To achieve the set goal, a cohort of 95 patients with a diagnosis of EH or EP, histologically verified after surgical treatment at the Sumy Regional Clinical Oncology Center (Sumy, Ukraine) from 2020 to 2022, was collected. These patients comprised the main group. For studying the PvuII polymorphism of the ESR1 gene, an additional control group was formed, consisting of 80 women without EHP.
Data collection and analysis of the number of treated EHP cases in the Sumy region from 2011 to 2020 were carried out. The scientific research results indicated an increase in the overall incidence of EHP, with the peak incidence occurring in 2016. A correlation between the incidence of EHP and age was observed. In older age groups, a predominance of localized forms of EHP with a fibrous component was found.

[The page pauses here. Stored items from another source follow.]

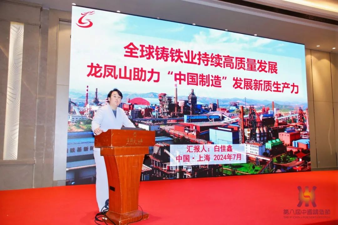 论坛报告,创新实践新材料。河北龙凤山作为本届年会的特别支持单位,公司副董事长刘武成和总经理白佳鑫应邀出席了开幕式。在7月3日上午开展的“先进铸铁技术分论坛”上,总经理白佳鑫做了题为《全球铸铁业持续高质量发展——龙凤山助力“中国制造”发展新质生产力》的报告。报告前半部分阐述了铸铁仍将是最主要的铸造材料,以及铸件轻量化趋势,列举了铸铁件在新兴行业的典型应用;后半部分详细介绍了龙凤山以生铁的“三高”品质助力“中国制造”培育发展新质生产力,从龙凤山独有的生产工艺及装备、保障生铁质量的主要过程控制措施(九条)、CNAS认可实验室建设情况、产品主要应用领域、创新发展4N-5N高纯铁/超纯铁等在铸造领域的应用进行了详细阐述。重点提到了以高纯铁/超纯铁为母材适量增碳、增硅可创新为纯净度更高的铸造用高端铁基新材料,并可根据用户个性化需求进行定制化生产。龙凤山铸造用铁基新材料的创新发展与实践,为高纯铁/超纯铁在铸造行业“高精尖”领域的应用打开了广阔空间。
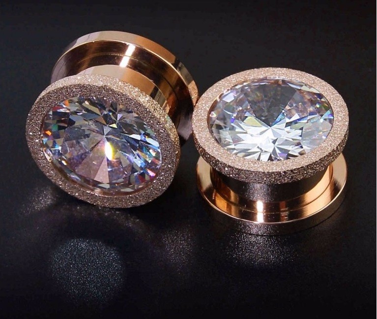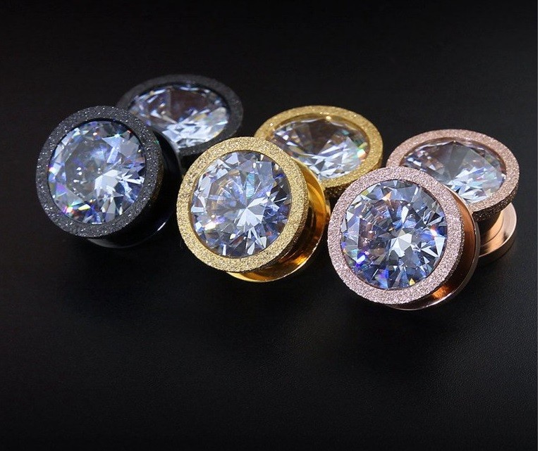 Creatively decorated steel plug available in three colours.
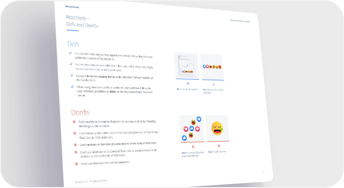 Brand Assets Facebook Brand Guidelines Reactions— Do’s and Don’ts Do’s % Do use Reactions only as they appear and similar to how they function within the context of Facebook UI. % Do use Reactions as one collection: Like, Love, Haha, Wow, Sad, Angry. Do not use Reactions as individual icons. 3 % Do use relevant messaging and as a full collection if shown outside of the Facebook UI. % % When using Reactions within a Facebook user interface, follow the Do use provided templates. Do always use the complete User Interface guidelines available on the Facebook Brand Resource collection. Center. Don’ts - Don’t modify or customize Reactions in any way, such as by changing the design, scale or colors. z z - Don’t break up the collection of Reactions and prioritize or feature any z Reactions as individual icons. - Don’t animate or fabricate physical objects in the form of Reactions. - Don’t use alternate or customized Reactions as a replacement or an - - addition to the collection of Reactions. Don’t not show a Reactions Don’t modify Reactions. as an incomplete set. - Don’t use Reactions for creative purposes. Facebook Inc. - All rights reserved. 21
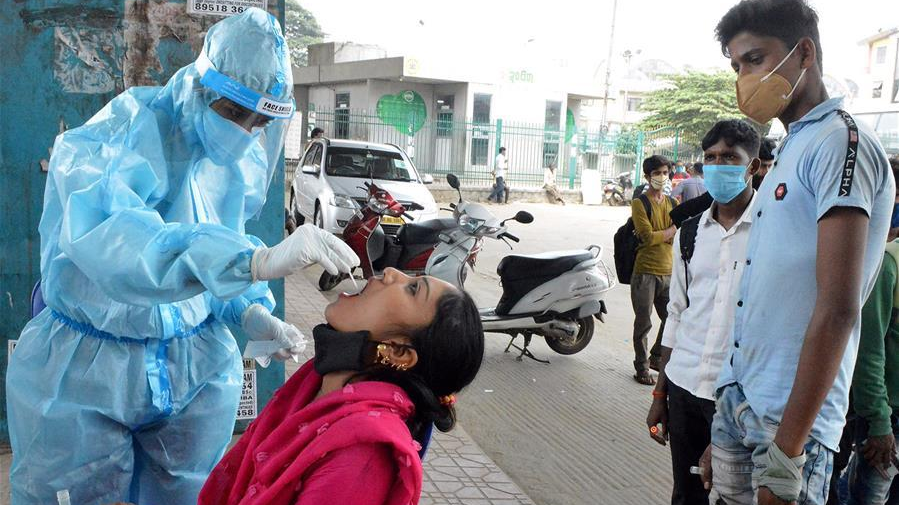 FILE PHOTO: Health workers in India taking samples from a lady during coronavirus testing exercise. /Xinhua

The number of asymptomatic cases of EHP is increasing. In 51% of cases, they were associated with a higher body mass index or obesity. Approximately one-third of EHP cases are characterized by a recurrent course, the presence of concomitant hyperproliferative diseases (endometriosis, uterine leiomyoma), as well as extragenital pathology, emphasizing the need for a comprehensive approach to diagnosing and treating these patients.
Analysis of the morphological characteristics of EHP showed a predominant increase in the gland-to-stroma ratio of the endometrium compared to normal proliferative endometrium. In EH, numerous irregularly arranged glands of various shapes and sizes, sometimes cystically dilated, were observed. EPs formed from the basal layer of the endometrium and were characterized by localized overgrowth of glands and stroma. GFEP was characterized by a pronounced stromal fibrosis.

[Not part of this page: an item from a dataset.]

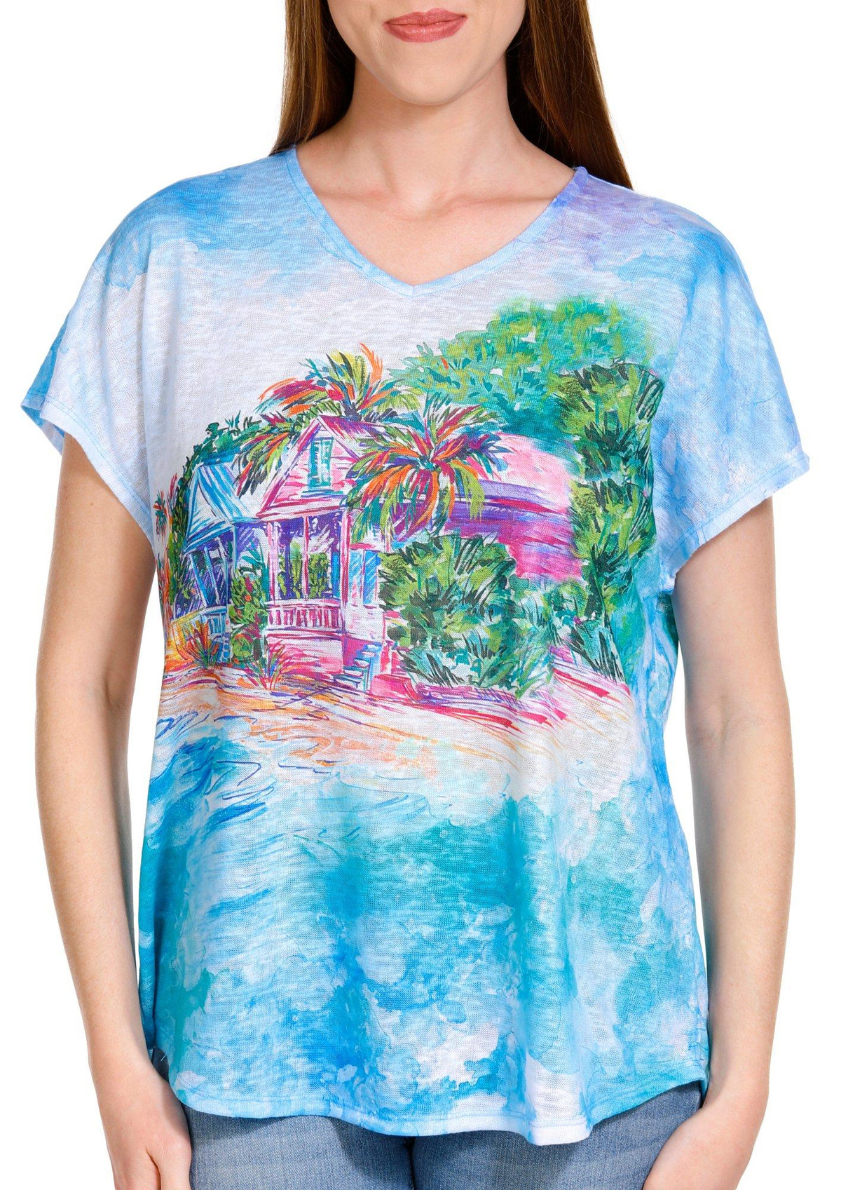 Capture the essence of island life with the Short Sleeve Dolman Top. Crafted from breathable mesh fabric, this top features a vibrant Key West print that brings a touch of tropical paradise to your wardrobe. The dolman sleeves offer a relaxed and stylish fit, perfect for casual outings or beachside strolls.

The study examined the features of ERα and COX-2 expression in EHP. Positive ERα expression was found in all studied samples, both in the epithelial and stromal components, with a patchy pattern. COX-2 expression was detected in the epithelium of all tissue samples with EHP, with the highest level of expression observed in the GFEP group.

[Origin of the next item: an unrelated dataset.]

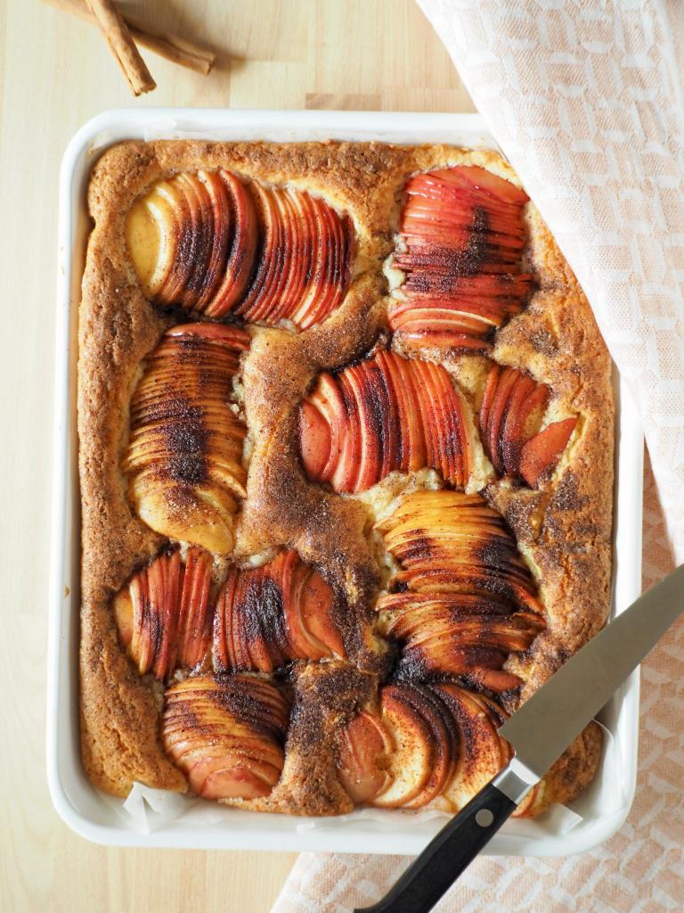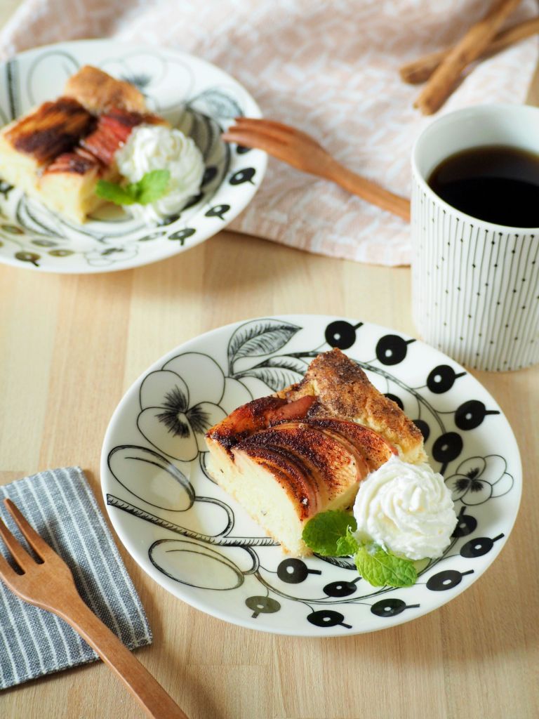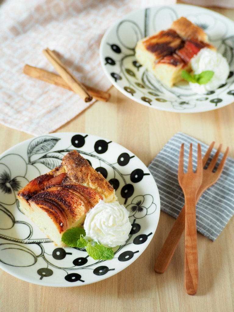 生地には北欧でよくお菓子に使われるカルダモンを入れて、上にたっぷりのシナモンをかけて風味豊かな仕上がりになります。←シナモン大好きなので、欲張りでかけ過ぎたら写真では焦げてるように見えます・・・(^^; あの黒いのシナモンですよ、焦げてはないです!汗 また、バター風味の柔らかい生地とシャキシャキしたりんごの食感も楽しめる一品です!

Immunohistochemical diagnosis of ERα and COX-2 expression in EHP is an important tool for a detailed assessment of pathological changes in the endometrium, allowing for differential diagnosis between different types of this pathology, determining the risk of recurrence, progression, and malignant transformation, especially in women with risk factors and a burdensome family history.
For the first time, the distribution of genotype variants for the PvuII polymorphism of the ESR1 gene in women with EHP in the Sumy region was studied. The relationship between the PvuII polymorphism and the histological type of EHP, patients' anthropometric characteristics, age categories, anamnesis data, as well as concomitant genital and extragenital pathologies was investigated. The relationship between ERα and COX-2 expression levels depending on genotype according to the PvuII polymorphism of the ESR1 gene in EHP was studied.
The scientifically proven results deepen the understanding of the molecular basis of the pathogenesis of EHP. These data highlight the need to explore other genetic or non-genetic factors that may influence the development of EHP.